**The task:**
Beginning at the line that contains "It is interesting", reproduce the entries below exactly, ending with the line that contains "Pestrá směs zeleniny". Omit each picture.

**Source information:**
++++
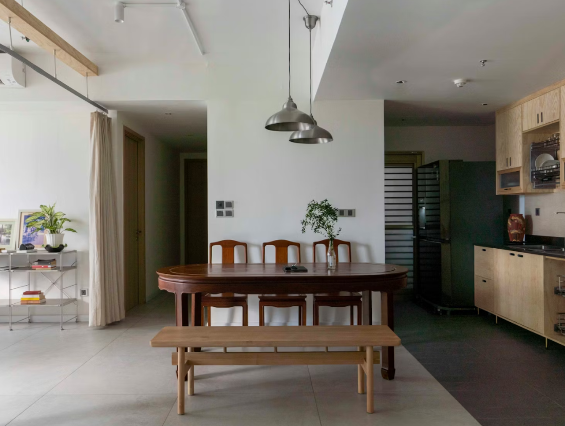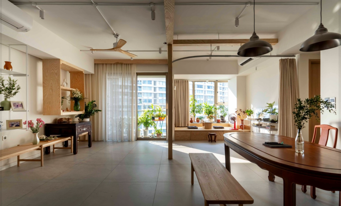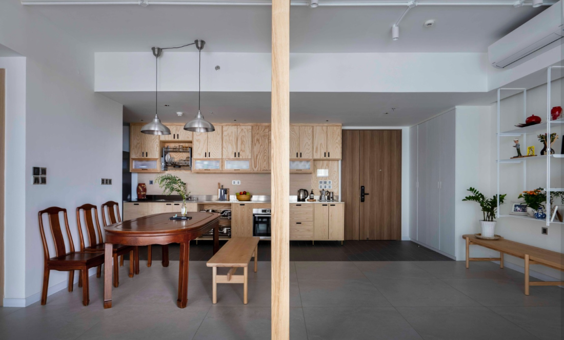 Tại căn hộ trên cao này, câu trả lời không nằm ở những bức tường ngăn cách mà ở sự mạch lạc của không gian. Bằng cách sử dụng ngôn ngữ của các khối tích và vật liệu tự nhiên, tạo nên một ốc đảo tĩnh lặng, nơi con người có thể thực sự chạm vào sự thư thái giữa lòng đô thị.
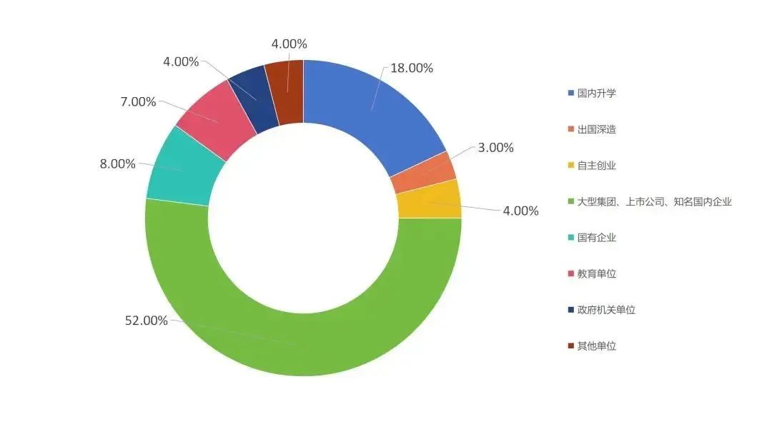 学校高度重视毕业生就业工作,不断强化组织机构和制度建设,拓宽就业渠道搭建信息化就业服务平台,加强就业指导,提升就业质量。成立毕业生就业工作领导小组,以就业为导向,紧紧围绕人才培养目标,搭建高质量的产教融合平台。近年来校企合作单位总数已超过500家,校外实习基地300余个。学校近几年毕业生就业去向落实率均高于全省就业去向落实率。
++++
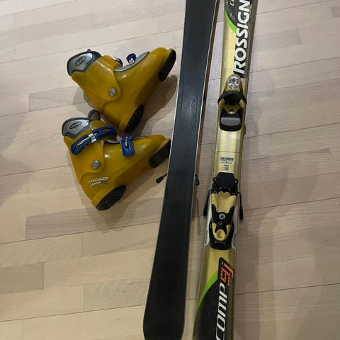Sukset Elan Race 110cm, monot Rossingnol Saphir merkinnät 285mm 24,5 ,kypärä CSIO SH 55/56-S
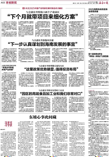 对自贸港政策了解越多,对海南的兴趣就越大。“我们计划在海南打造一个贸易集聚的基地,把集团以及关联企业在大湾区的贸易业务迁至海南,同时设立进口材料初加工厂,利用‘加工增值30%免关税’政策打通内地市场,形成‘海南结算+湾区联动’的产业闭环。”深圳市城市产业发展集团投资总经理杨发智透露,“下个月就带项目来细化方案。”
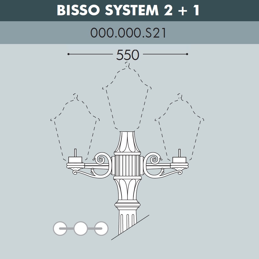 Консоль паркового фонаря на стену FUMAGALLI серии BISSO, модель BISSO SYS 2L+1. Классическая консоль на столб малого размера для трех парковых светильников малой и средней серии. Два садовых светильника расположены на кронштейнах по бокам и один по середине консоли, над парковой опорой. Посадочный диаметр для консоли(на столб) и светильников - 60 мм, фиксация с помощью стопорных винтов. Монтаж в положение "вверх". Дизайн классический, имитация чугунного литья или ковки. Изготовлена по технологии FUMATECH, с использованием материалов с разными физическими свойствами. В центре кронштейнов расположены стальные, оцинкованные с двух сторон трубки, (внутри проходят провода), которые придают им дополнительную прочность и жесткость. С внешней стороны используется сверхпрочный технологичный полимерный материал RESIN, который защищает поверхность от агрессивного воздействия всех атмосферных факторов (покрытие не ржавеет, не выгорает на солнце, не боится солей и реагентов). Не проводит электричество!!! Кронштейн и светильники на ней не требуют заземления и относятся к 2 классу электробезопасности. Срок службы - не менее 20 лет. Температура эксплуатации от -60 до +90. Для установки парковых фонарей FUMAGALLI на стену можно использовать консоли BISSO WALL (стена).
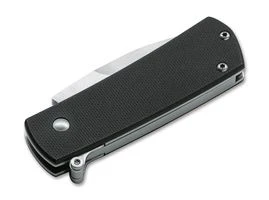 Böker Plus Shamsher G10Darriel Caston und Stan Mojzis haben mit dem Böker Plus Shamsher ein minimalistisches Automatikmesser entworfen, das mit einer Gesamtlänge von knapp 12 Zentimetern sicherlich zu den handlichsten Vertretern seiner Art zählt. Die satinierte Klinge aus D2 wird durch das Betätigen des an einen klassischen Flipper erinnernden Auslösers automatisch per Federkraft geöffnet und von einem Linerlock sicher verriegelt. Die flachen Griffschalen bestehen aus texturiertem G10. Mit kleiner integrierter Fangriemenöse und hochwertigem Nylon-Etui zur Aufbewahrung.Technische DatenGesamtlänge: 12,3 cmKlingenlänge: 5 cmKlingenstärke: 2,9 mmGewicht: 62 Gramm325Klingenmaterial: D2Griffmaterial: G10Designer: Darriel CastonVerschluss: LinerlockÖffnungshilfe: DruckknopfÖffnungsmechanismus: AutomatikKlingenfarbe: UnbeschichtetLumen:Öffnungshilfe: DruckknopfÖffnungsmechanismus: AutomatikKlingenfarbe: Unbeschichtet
++++
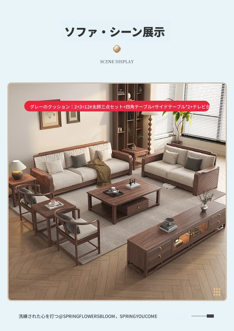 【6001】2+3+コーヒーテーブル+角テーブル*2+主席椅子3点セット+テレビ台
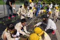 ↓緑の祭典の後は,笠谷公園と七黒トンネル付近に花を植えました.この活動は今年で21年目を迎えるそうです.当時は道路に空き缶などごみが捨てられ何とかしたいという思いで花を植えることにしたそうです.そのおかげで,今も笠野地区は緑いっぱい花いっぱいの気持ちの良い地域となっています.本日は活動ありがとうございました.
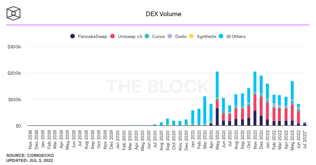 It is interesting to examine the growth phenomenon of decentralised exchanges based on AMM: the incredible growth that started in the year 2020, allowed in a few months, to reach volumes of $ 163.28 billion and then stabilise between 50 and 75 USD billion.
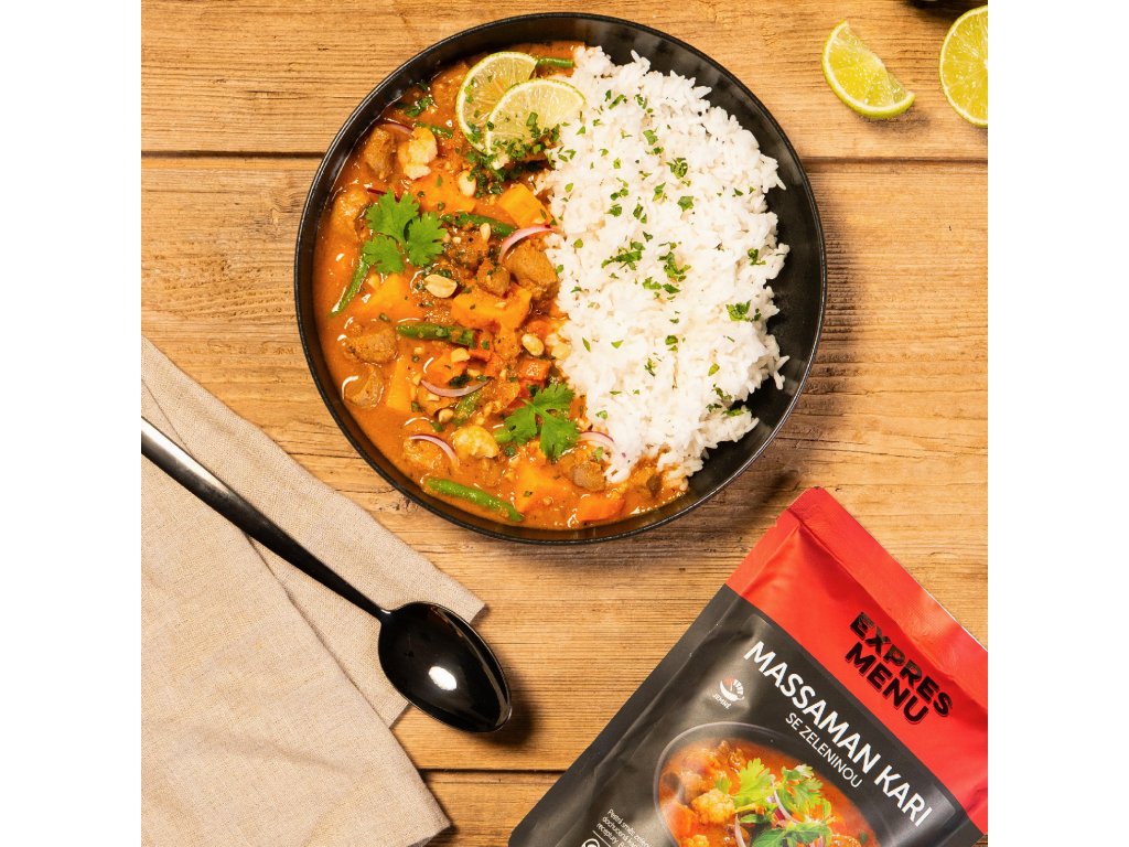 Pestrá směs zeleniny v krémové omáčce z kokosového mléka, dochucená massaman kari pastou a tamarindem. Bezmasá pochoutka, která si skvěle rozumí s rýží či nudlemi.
++++
**Task result:**
 It is interesting to examine the growth phenomenon of decentralised exchanges based on AMM: the incredible growth that started in the year 2020, allowed in a few months, to reach volumes of $ 163.28 billion and then stabilise between 50 and 75 USD billion.
 Pestrá směs zeleniny v krémové omáčce z kokosového mléka, dochucená massaman kari pastou a tamarindem. Bezmasá pochoutka, která si skvěle rozumí s rýží či nudlemi.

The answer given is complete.